======== RECORDS TO USE ========

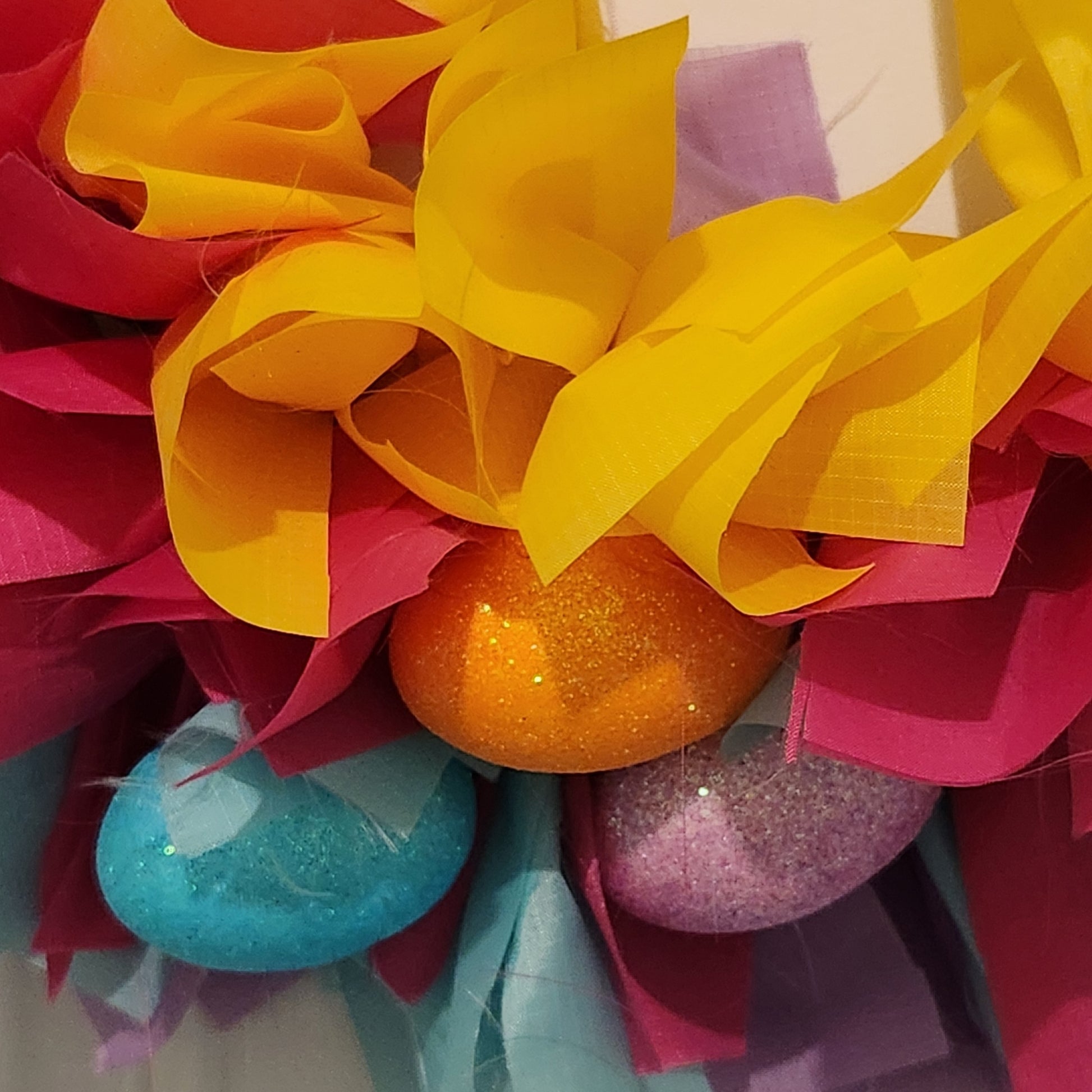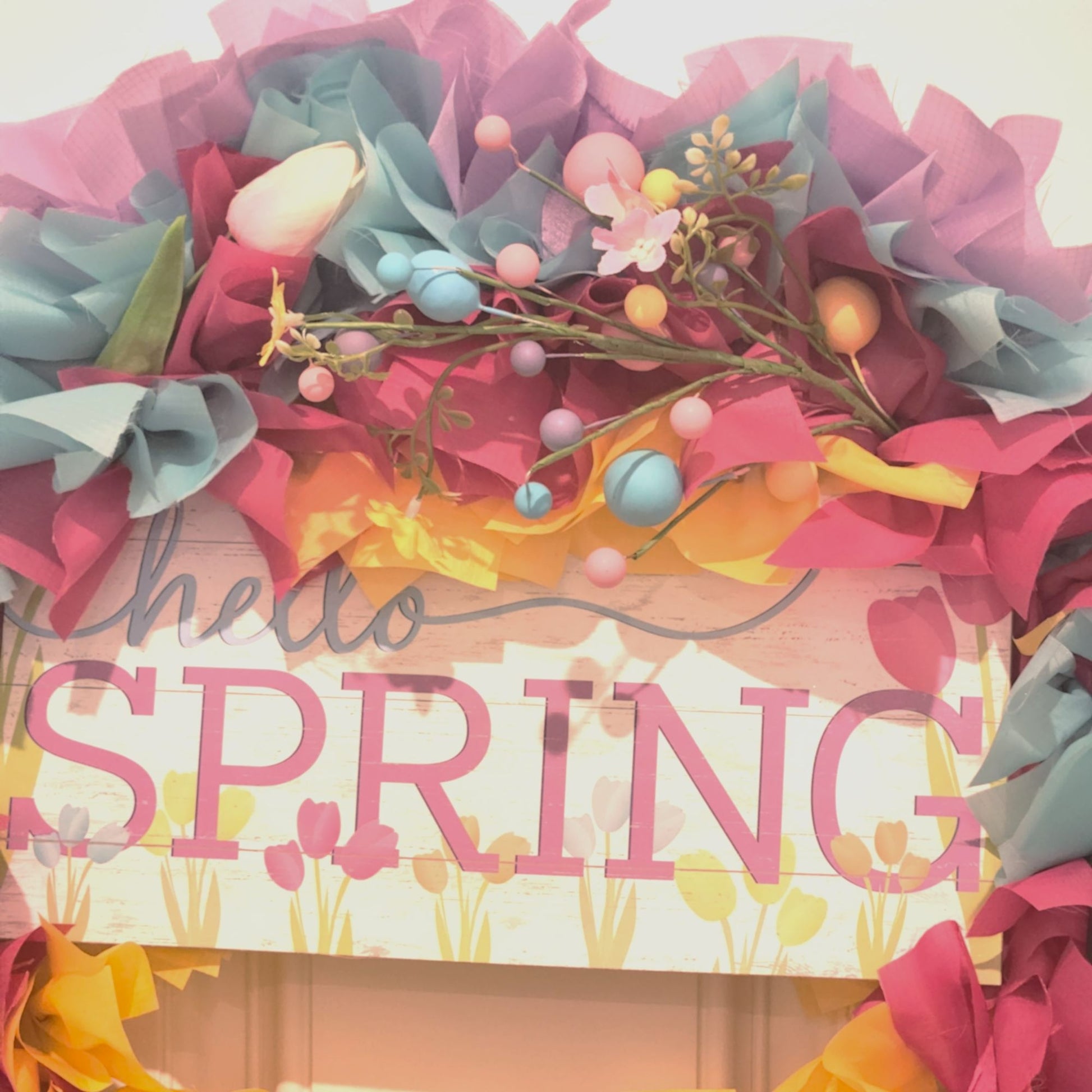 Say hello to Spring with this bright colorful rag wreath. The fabric is water resistant and tear resistant making it suitable for indoor or outdoor use in a protected area such as a porch. It is bright pink, yellow, lavender and light blue. The wreath is decorated with yellow and pale pink tulips, sparkly pastel colored eggs and a wooden sign that says "Helllo Spring". The wreath measures 22 inches in diameter and up to 5 inches thick - fully fluffed.
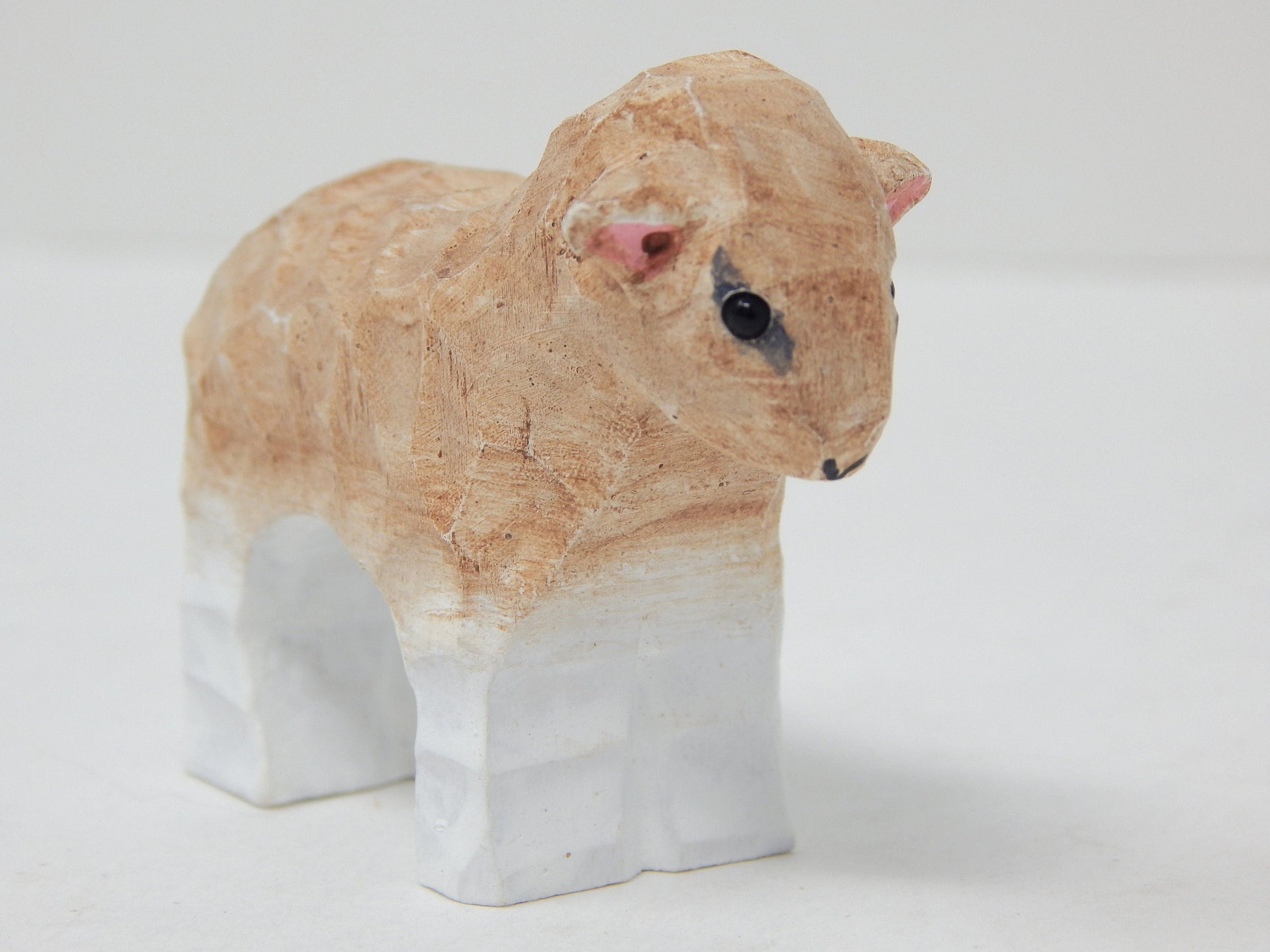 Sheep - Little Lamb Farm Wood Figurine Baby Goat Ewe Domestic Miniature Barn Small Animal Toy Hand Carve Home Decor Folk Ornament Minifigure
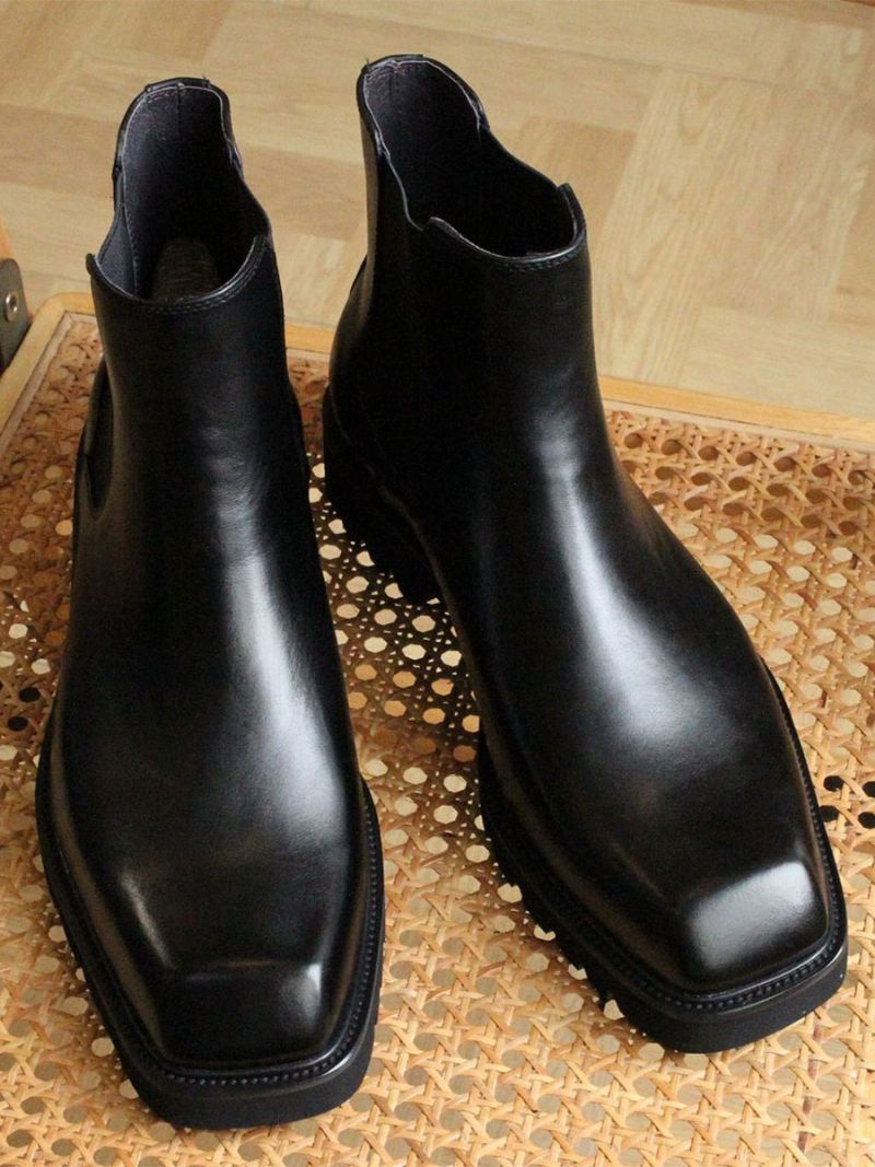 Botki Męskie Chelsea CZarne Buty Na Studniówkę Ze Skóry Bydlęcej Z Kwadratowymi Noskami
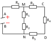 Cho mạch điện như hình vẽ. Biết \({R_1} = {R_3} = 4\,\,\Omega \); \({R_2} = {R_4} = {R_6} = 5\,\,\Omega \); \({R_5} = 9\,\,\Omega \). Tính điện trở tương đương của đoạn mạch.
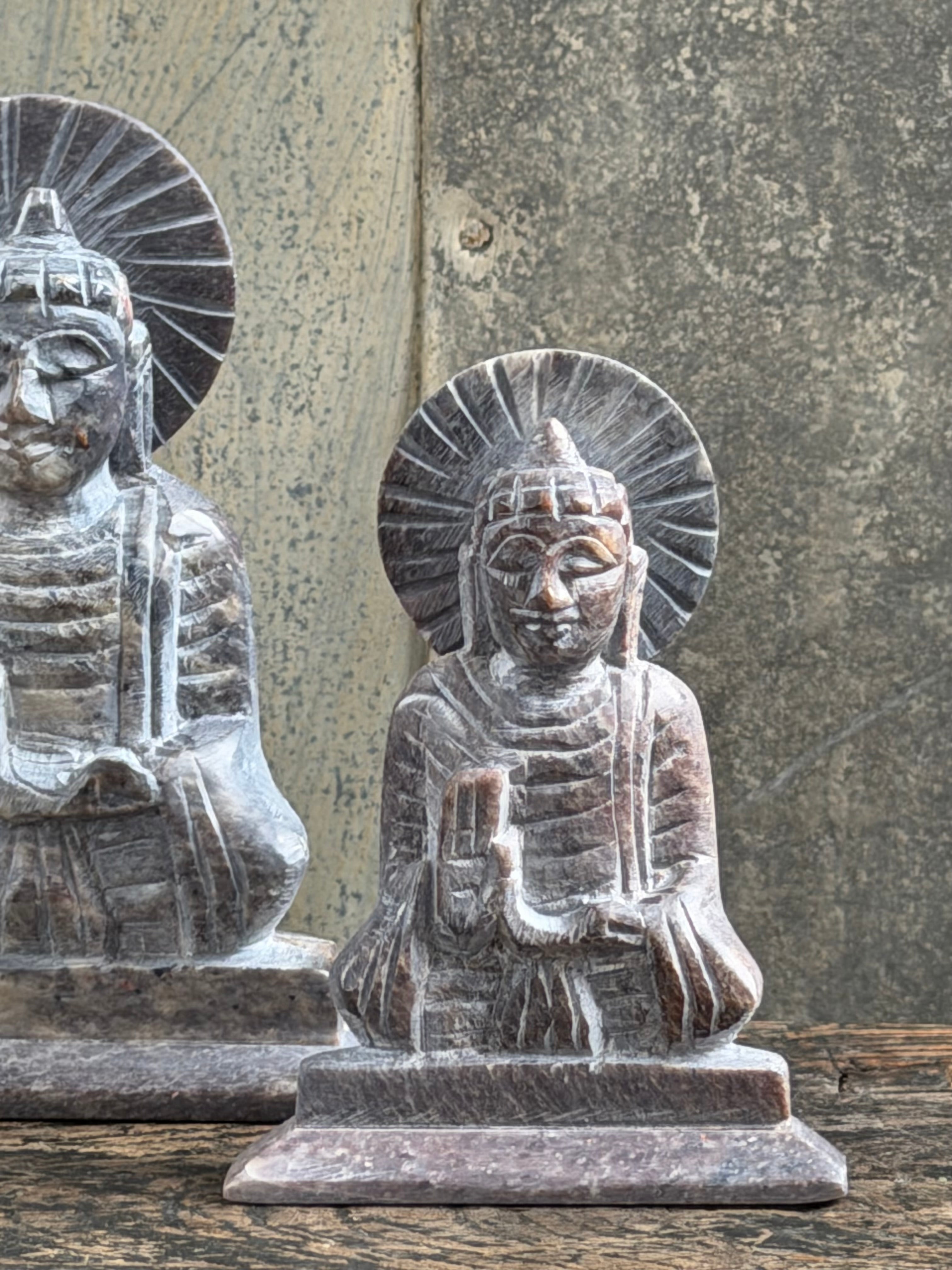 our hand carved soapstone buddha should enlighten your life. each one is unique and carved from natural soapstone, so colours vary and sizes are approximate
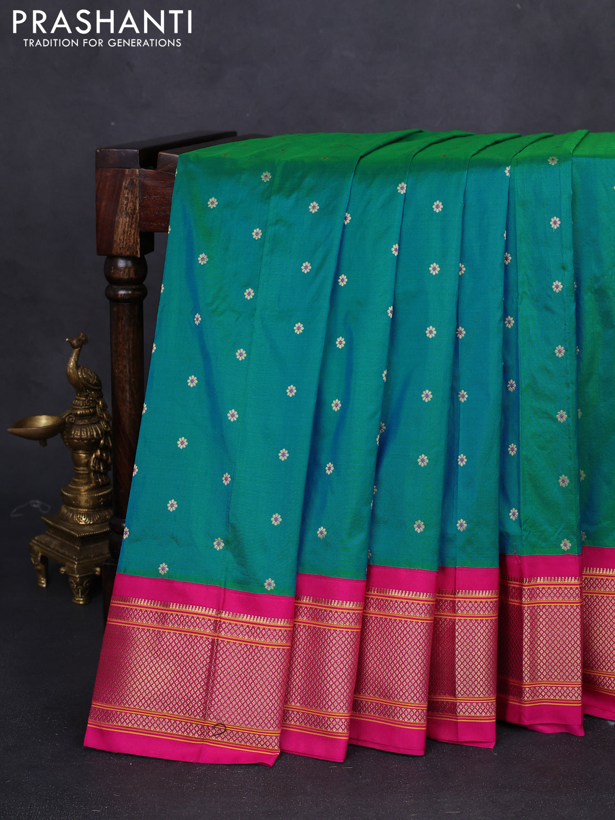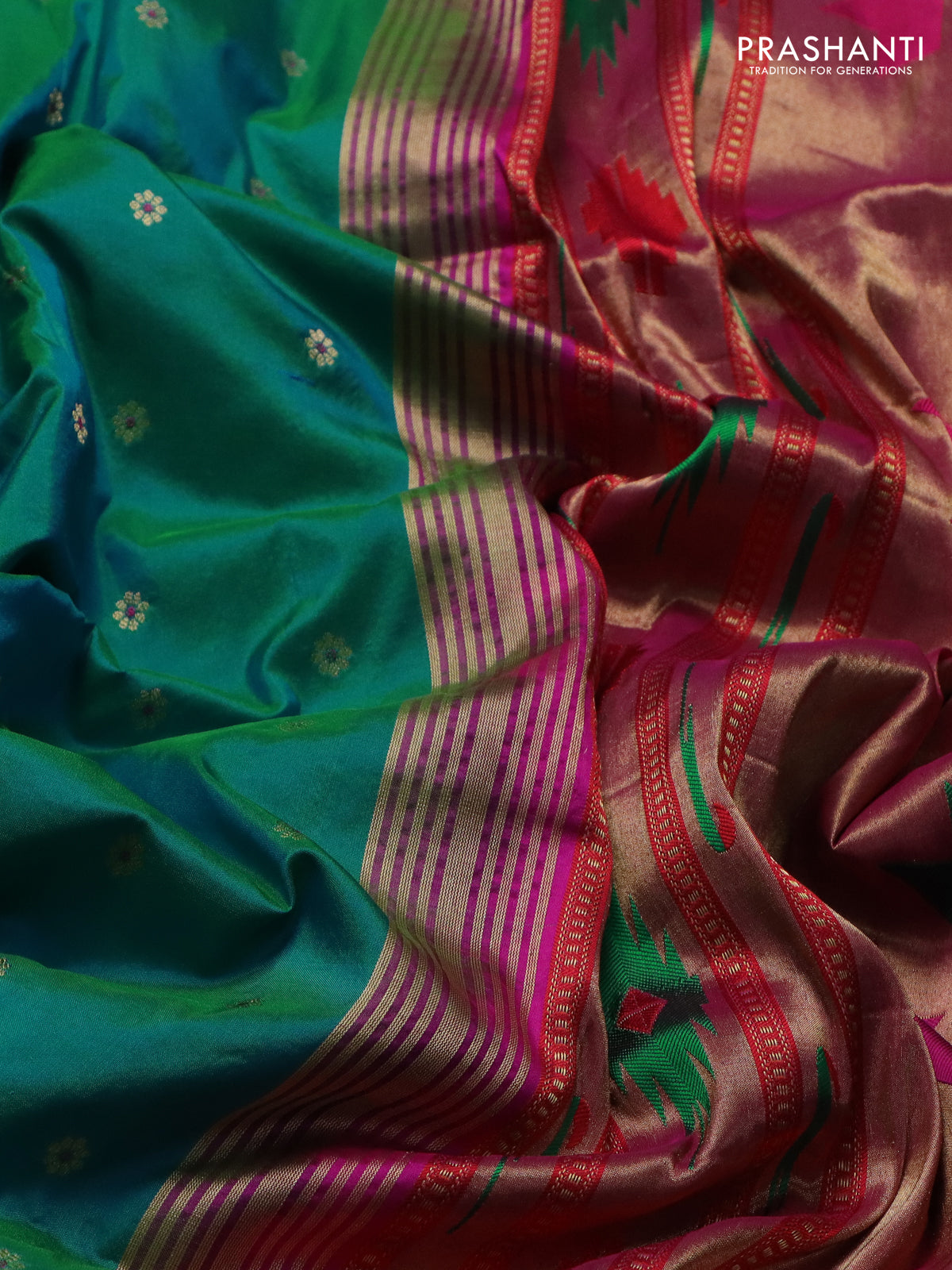 Pure paithani silk saree dual shade of teal bluish green and pink with allover floral zari woven buttas and paithani design weaving pallu

========

**WORK REQUIRED**
The material above is to be output exactly, with each picture left out.

**RESULT OF THE TASK**
 Say hello to Spring with this bright colorful rag wreath. The fabric is water resistant and tear resistant making it suitable for indoor or outdoor use in a protected area such as a porch. It is bright pink, yellow, lavender and light blue. The wreath is decorated with yellow and pale pink tulips, sparkly pastel colored eggs and a wooden sign that says "Helllo Spring". The wreath measures 22 inches in diameter and up to 5 inches thick - fully fluffed.
 Sheep - Little Lamb Farm Wood Figurine Baby Goat Ewe Domestic Miniature Barn Small Animal Toy Hand Carve Home Decor Folk Ornament Minifigure
 Botki Męskie Chelsea CZarne Buty Na Studniówkę Ze Skóry Bydlęcej Z Kwadratowymi Noskami
 Cho mạch điện như hình vẽ. Biết \({R_1} = {R_3} = 4\,\,\Omega \); \({R_2} = {R_4} = {R_6} = 5\,\,\Omega \); \({R_5} = 9\,\,\Omega \). Tính điện trở tương đương của đoạn mạch.
 our hand carved soapstone buddha should enlighten your life. each one is unique and carved from natural soapstone, so colours vary and sizes are approximate
 Pure paithani silk saree dual shade of teal bluish green and pink with allover floral zari woven buttas and paithani design weaving pallu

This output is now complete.